The steady stream of music making and touring since his first humble release back in 2004 came to an abrupt halt once the pandemic struck, as it did for many artists in Australia and around the world. For some creatives, lockdowns meant that feet were much taken off the gas when it came to producing tracks. For Gleave, it instead provided an environment to fight the mundanity through music. And tattoos, notching up his first between lockdowns then ending up on an ink bender.

“I got seven in one go. And then another 10. And then more. so now I've got 39, one for each year I've lived so far. But I'm gonna have to get another six or seven. Because otherwise it'd be weird if I just stopped at 40 tattoos,” he laughs.

“If you don't get them until you're this age, you've actually had time to think about them - think about what they mean, sketch up some ideas, and they'll still look good when I'm 106. Most people that get them younger, by the time they're 40, they've got a Bart Simpson tattoo that looks like a Minion.”


With touring out the window as lockdowns closed borders around him, work began on his latest album, We May Grow Old But We Never Go Back. With producer James Angus (Last Dinosaurs, The Veronicas) at the helm and a co-writer in Brook Toia, aka Penny Ivy, at Angus’s studio in Brisbane, Gleave said his most Australian-produced release is his best to date.

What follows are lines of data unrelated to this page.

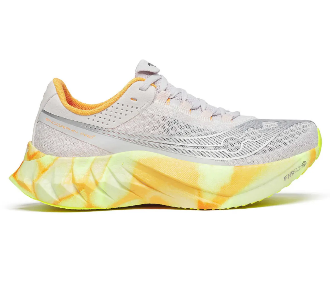La Saucony Endorphin Pro 4 è adatta per le gare di velocità, grazie alla falcata veloce della piastra in carbonio e al grande ritorno di energia della schiuma PWRRUN PB.
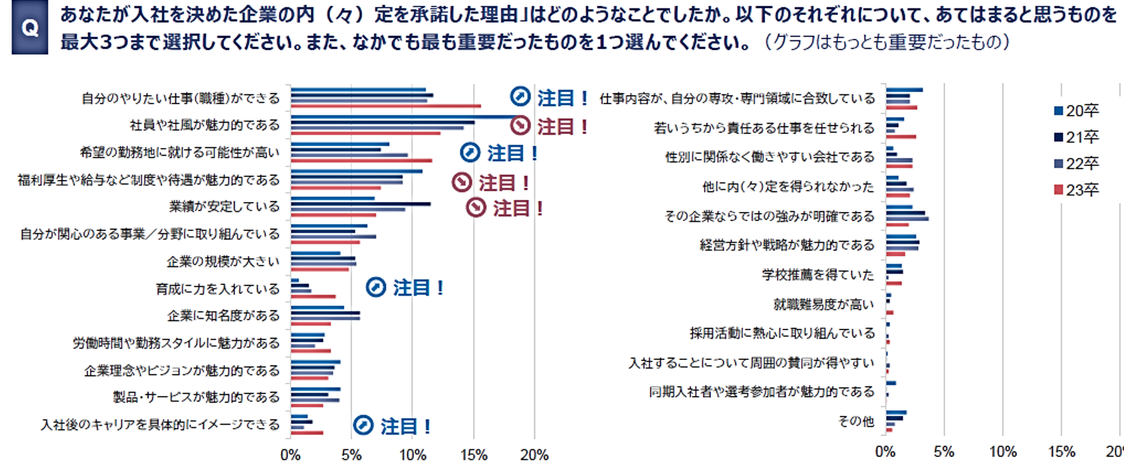 仕事内容や勤務地といった明確で比較可能な情報が意思決定の材料として重視されるようになったと考
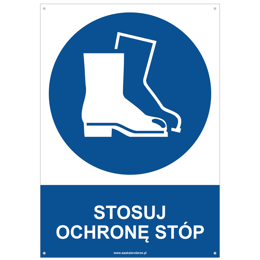STOSUJ OCHRONĘ STÓP - znak BHP z dziurkami, płyta PVC A4, 2 mm
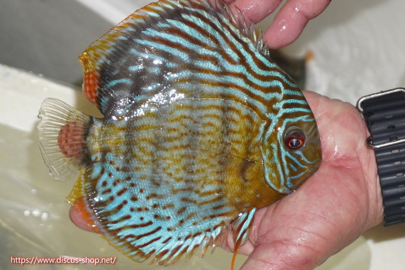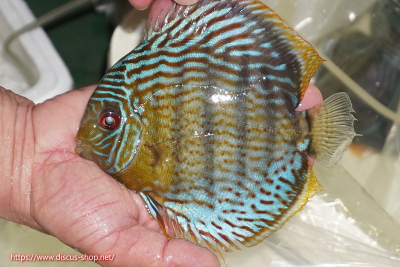 グリーンディスカスの中でも最もバリエーションが豊富でラージスポットタイプ、スポットラインタイプをはじめ、ロイヤルラインタイプなどの極上個体。またベースカラーの黄色、ホリゾンタルラインの青み、スポットの赤と最もカラフルな種となります。仕上がれば改良品種顔負けのど派手なパターンを持つ魅力的な産地の個体となります。
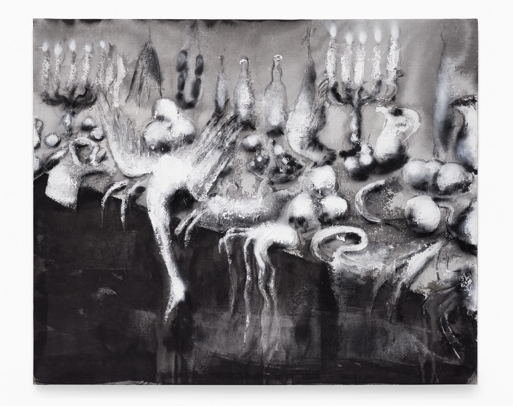 이번 전시는 중세 화가들이 사용한 '그리자유'(grisaille) 기법에서 영향을 받은 '연회' 연작을 선보인다. 그리자유는 단색조 색을 이용해 그 명암과 농담으로 그림을 그리는 화법으로, 바르셀로는 단색조 위에 반투명 색조를 얇게 더하는 방식으로 전통에 자신의 색깔을 입혔다.
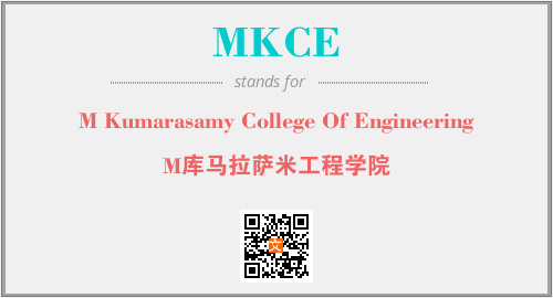 上述内容是“M Kumarasamy College Of Engineering”作为“MKCE”的缩写,解释为“M库马拉萨米工程学院”时的信息,以及英文缩略词MKCE所代表的英文单词,其对应的中文拼音、详细解释以及在英文中的流行度和相关分类、应用领域及应用示例等。
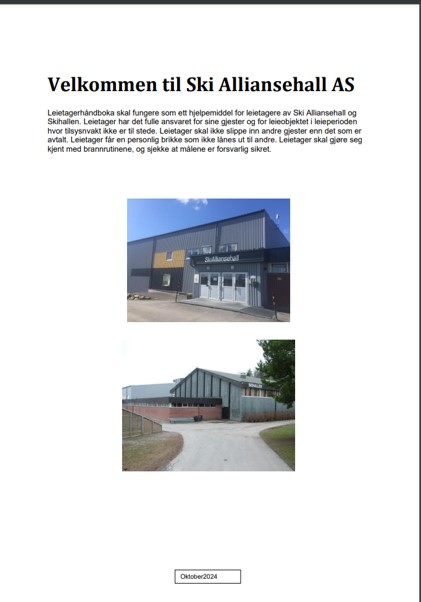 Informasjon om hva som skal gjøres for å leie/benytte seg av i Ski Alliansehall og Skihallen

“I was blown away by James,” he said.

“I'd say the best producers I've ever worked with are the ones who play keyboard or guitar or both. They’re just always very quick in terms of their plug-ins, you know. 

“The way they treat a vocal, the way they choose to start; it’s very intuitive. 

“But also, I've always enjoyed working with people where I can hum something usually out of key or very badly - the bass line or a string section, you know – and they just get it.

“So, I ended up with a Brisbane-produced, UK-centric album - it's garage, drum and bass, drill, it’s got big bangers, ballads, everything.” 

Despite the humble set-up of Angus’s studio – “it’s kind of like the cleaning cupboard in a school, you know?” – Gleave and the crew made the most of it, producing 25 songs in 18 months. Among the 15 tracks making the cut for album no.8 was new single Deep featuring vocalist Nono. It was a jam-packed recording experience, but Gleave insists it slotted in conveniently with his day-to-day life.

“I dropped the kids at school at like 8:30am, was in the gym by 9:30, in the studio by like 10:15 – most days I'd write a chorus or verse within the first half-hour, then break for lunch and get a pizza or steak or burger in a pub downstairs,” he explains.

“So, a lot of pizzas and burgers went into this album.”

“I think COVID was good to me in the end - I got an album out of it, which felt like it put me back into mode.”

We May Grow Old But We Never Go Back is out June 17.